SHINee are in my good books, let's establish that. If you've read your fair share of my work, you know that I think they've had some amazing releases in the past. SHINee are the group I can always count on to give me at least a few good songs in every release, they're one of the most consistent idol groups in an industry that changes far too fast for my liking.
A lot has been said on "View" and I know I'm a few weeks late to the bandwagon, but I have quite a few things to say about it. What is "View" anyway? A lot of things, apparently.
It's a very simplistic way to put it, sure. But one of the most important things I learned as a liberal arts major is that art is never fully objective—what you feel about a song is just as valid as what you think of it. And what do I feel about "View"? It's a pretty song. "View" is calm, the build-ups aren't earth-shaking, the melody soothing. I like it though, because it's consistent—it's not as if the "calmness" is laziness on the part of the production or the arrangement. There is urgency to the arrangement, but even that you can sit back and savor. The verses are piercing in their sparsity with, at one point, a single synth loop (I talked about the merits sparsity in my "Rising Sun" review last year), but that's what allows you to hear everything that's happening.
What sort of re-opened my interest in "View," was a series of tweets from Shweta of Splash of Inspiration talking about how people are dubbing "View" as "UK garage" and "future house" and "deep house." And I disagree with all labels. Why? Because we cannot label songs without considering that the labels we're using, and the songs they are used on, emerge from specific contexts for specific purposes. If we base it on "objective musical elements" (which is fallacious), sure we can get technical. We can talk chord progressions and whatnot, but we have to remember that the technical aspects of a song are also affected by their context.

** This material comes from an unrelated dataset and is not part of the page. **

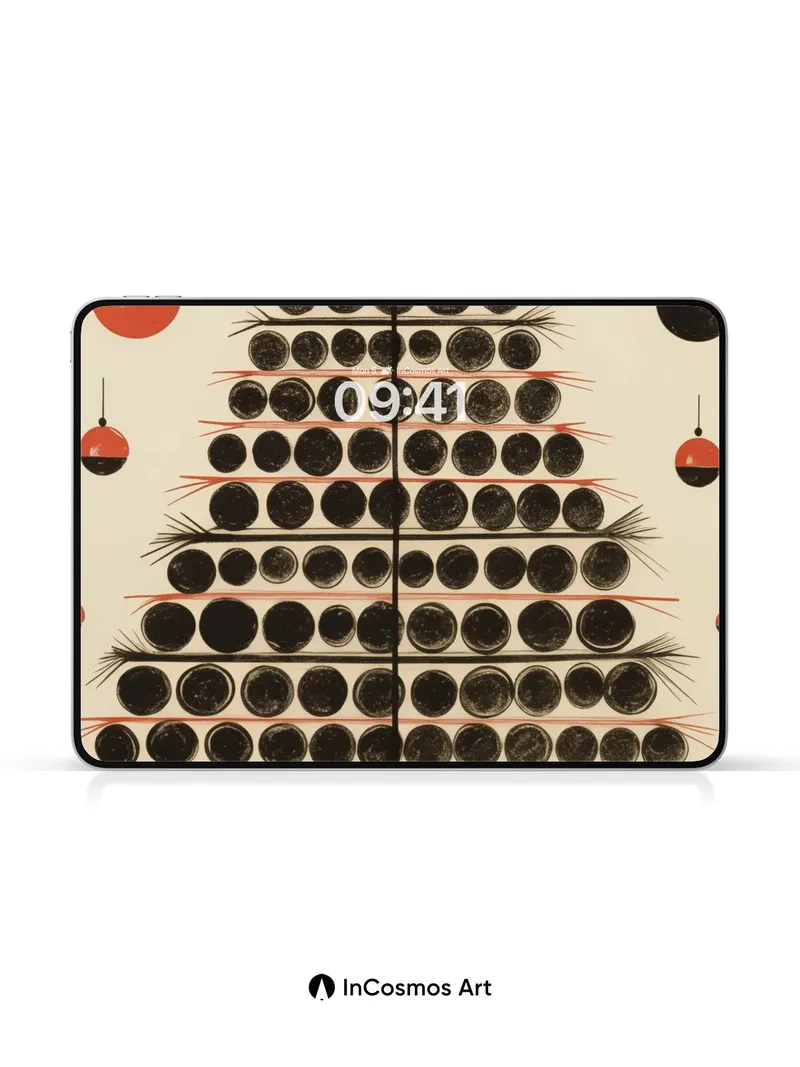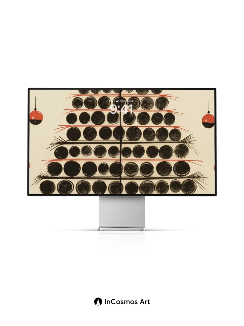 Midcentury Holiday Wallpaper with Geometric Ornaments

Take UK garage for example—it began in the UK during the 90s and it's basically EDM with more R&B elements. The reason for its name is, well, because it's UK garage—the genre emerged as a response to Jungle (another kind of dance music) when, in the UK, it no longer catered to female dancers. Does "View" sound like UK garage? Yes, to a certain extent I see where these people are coming from when they make the connection. The percussion-based rhythm, and the short, repetitive melodic lines (of the chorus), the mid-range tempo, as well as the choice of synths make it sound like UK garage. But is "View" UK garage? No, it's K-Pop. Is there anything bad about that? Of course not. Because "View" emerged from its own specific context—SHINee's musical identity as a trend-based group, K-Pop's attempt at gradually diversifying its sound, the fact that it's still a pop song and therefore needs a structured melody. A K-Pop song like "View" is made to be watched and bought by an audience, UK garage is produced to be danced to at clubs. While the two can switch roles, their primary functions and contexts are completely different.
They’ve always been the “contemporary band”—stylish, slick material. SHINee may have matured in terms of musical depth and aesthetics, but they still have that youthful stylishness to their sound. Which is one of the reasons why, for the longest time, I couldn't register the fact that they've actually been around for longer than at least half of K-Pop at the moment. As someone who caught "A.MI.GO.," SHINee are the teenagers of K-Pop—it only hit me that they're actually a senior group already when they started closing music shows and Gayo Daejuns.
But even so, as far as the music is concerned their progression has been one of the smoothest. Listen to "Replay" and "View" and they'll be worlds apart, but if you witnessed the transition it's hard to reconcile. Because SHINee have changed with the times, and "View" is proof of that. While the video is a bit too pretentious, the song alone is very current, probably even more current than EXO singles. "View" is a SHINee track—this is what's trendy now, so this is what SHINee will do, and they do it well.